David Bessis, Mathematica. Un’avventura alla  ricerca di noi stessi, Neri Pozza, Milano, 2023.


Il grande segreto della matematica

David Bessis sfata più di un luogo comune sulla scienza dei numeri che vede come un’avventura alla ricerca di noi stessi
/ 21.08.2023
di Blanche greco

Appassionato di letteratura, stregato da Les fleurs du Mal e da Baudelaire, David Bessis  ha scelto però di diventare un matematico, ma è anche scrittore, poeta e ha fondato Tinyclues, società specializzata in intelligenza artificiale, oltre ad essere l’autore di un libro dal titolo insolito: Mathematica.
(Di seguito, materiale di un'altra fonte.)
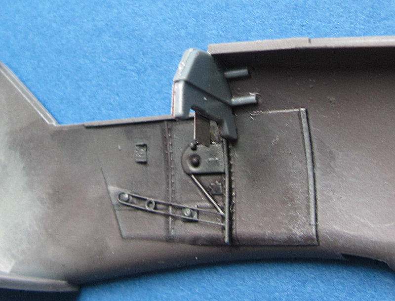 Das Cockpit ist schon in Plaste umfangreich detailliert. Etliche Teile sollen und müssen hier verbaut werden und später sieht man davon wenig. Daher fange ich mal beim Flügel an. Jeder Fahrwerkschacht besteht aus drei teilen und fügt sich problemlos ineinander (wie auch schon bei der Spitfire). Es gab auf der Facebook-Seite von Eduard Kommentare zu den nicht geöffneten Langlöchern. Wie dort von einem Leser angemerkt wurde, ist dies im Vergleich zu Zvezda eine andere Philosphie. Letztendlich ist der Effekt bei entsprechender Bemalung ähnlich und der modulare Aufbau erlaubt hier Zubehörherstellern auch entsprechende Superdetailsets zu entwerfen.

Un’avventura alla ricerca di noi stessi, pubblicato da Neri Pozza, dove non parla di numeri, ma di persone, di esperienze, di se stesso e soprattutto cerca di sfatare molti pregiudizi svelando il legame segreto che tutti noi abbiamo con una delle materie che in ogni epoca è stata considerata dai giovani tra le più ostiche del percorso scolastico.

Cosa l’ha spinta a scrivere un libro dove matematica ed esistenzialismo si intrecciano in modo così inaspettato?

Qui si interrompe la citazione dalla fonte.